The landlord is entitled to a premium (the price) for extending the lease, and this is based on a formula set out in the Leasehold Reform Housing and Urban Development Act 1993 (the 1993 act), as amended by any future acts that apply.
This advice guide explains your legal right to extend your lease. If you prefer, it may be possible to negotiate a lease extension with your landlord on whatever terms you can agree. If you decide to try to negotiate a lease extension, there are no rules and your landlord could refuse to extend your lease, or set whatever terms they like. For example, they may want to increase the ground rent as one of the terms.
If you are not able to agree a lease extension with your landlord, you would need to go down the statutory route that is the subject of this guide.
The formal procedure is started by the service of the Tenant’s Notice on the landlord (the Tenant’s Notice) and it then follows a prescribed route. Although this is the beginning of the formal process for acquiring the ninety year extension, it should follow a period of preparation to ensure that you are fully equipped and advised to complete the acquisition.

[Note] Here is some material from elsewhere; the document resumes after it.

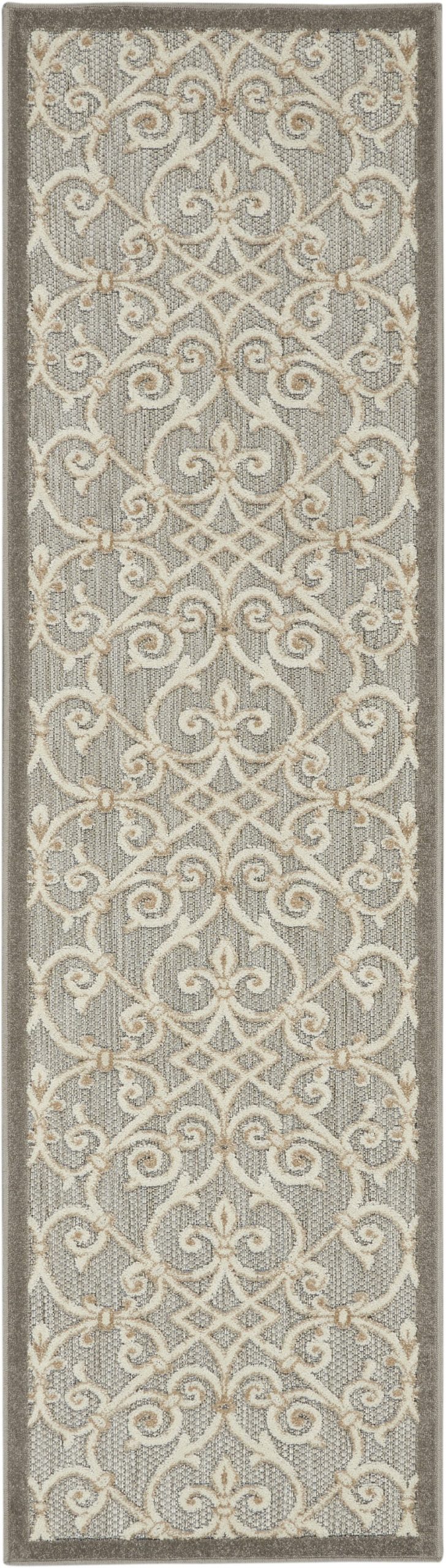 Renovate your living space or outdoor patio with this Natural and Gray Indoor Outdoor Runner Rug that features decorative patterns in a neutral color palette. Boasting the scroll patterns in the sophisticated hues of natural beige over a gray textured backdrop creating a luxurious appeal. The beautiful details are made to fuse effortlessly with a range of traditional and contemporary styles of decors. Durable polypropylene is used to make this beautiful rug stain-resistant, durable, and easy to clean. Skilfully crafted in Turkey, this brilliant rug features a soft pile construction that feels plush and luxurious on the touch. The charismatic design patterns and sophisticated color palette of this runner rug will add a tasteful hint of class and elegance to your contemporary interior. 2′ x 6′

Before you start the procedure, you need to:
- check you are eligible (including by identifying the ‘
competent landlord’, see page 3);
- choose and instruct professional advisers (that is, a surveyor and a solicitor);
- assess the premium;
- make sure you have the money you will need to complete the procedure;
- gather the information you will need;
- prepare the tenant’s notice; and
- prepare for the subsequent procedures (see page 6).
While the order in which you do the above tasks is a matter for you and your advisers to decide, you will need to have done them all before starting the procedure. Once you have served the tenant’s notice, the procedure will be running and you will be asked to provide information and meet deadlines. If you fail to do any of these things when asked, your application to extend the lease could be unsuccessful. You will be liable for the landlord’s reasonable, professional fees from the date you serve the tenant’s notice, whether or not your application is successful. The act states what costs the landlord can recover, and gives some guidance as to what is reasonable. (See section 60 of the act.)
Remember that if you apply to extend the lease, your application will be suspended if the other leaseholders make a joint application to buy the freehold using the collective enfranchisement procedure set out by the 1993 act. Similarly, you cannot apply to extend your lease while an application for collective enfranchisement is being considered.
Checking eligibility and starting the process
Qualifying as a leaseholder
To be a qualifying leaseholder you must have owned a long lease for the past two years.
A long lease is, mainly, a lease which had an original term of over 21 years when it was originally granted. How long is left on the lease is not relevant. It is how long the lease was for when it was first granted that matters.
But, even if you meet these criteria, you will not be a qualifying leaseholder if either of the following applies.
- The landlord is a charitable housing trust and your flat is provided as part of the charity’s work.
- It is a business or commercial lease.
Starting the process
You start the process by serving the tenant’s notice (section 42 notice) on the ‘competent landlord’.
The competent landlord is the landlord whose interest in the property is long enough to be able to grant the 90-year extension – that is, their interest is over 90 years longer than the time left on your lease.
In most cases, the immediate landlord will be the freeholder, and so is the obvious person to serve your notice on. However, there will be cases when the immediate landlord has an intermediate lease which is too short to give you a 90-year extension.
This will not prevent you from extending your lease, but you will need to identify the
Instructing professional advisers
For a successful application, we recommend that you appoint a valuer and a solicitor. As well as being able to offer general advice, their roles include the following.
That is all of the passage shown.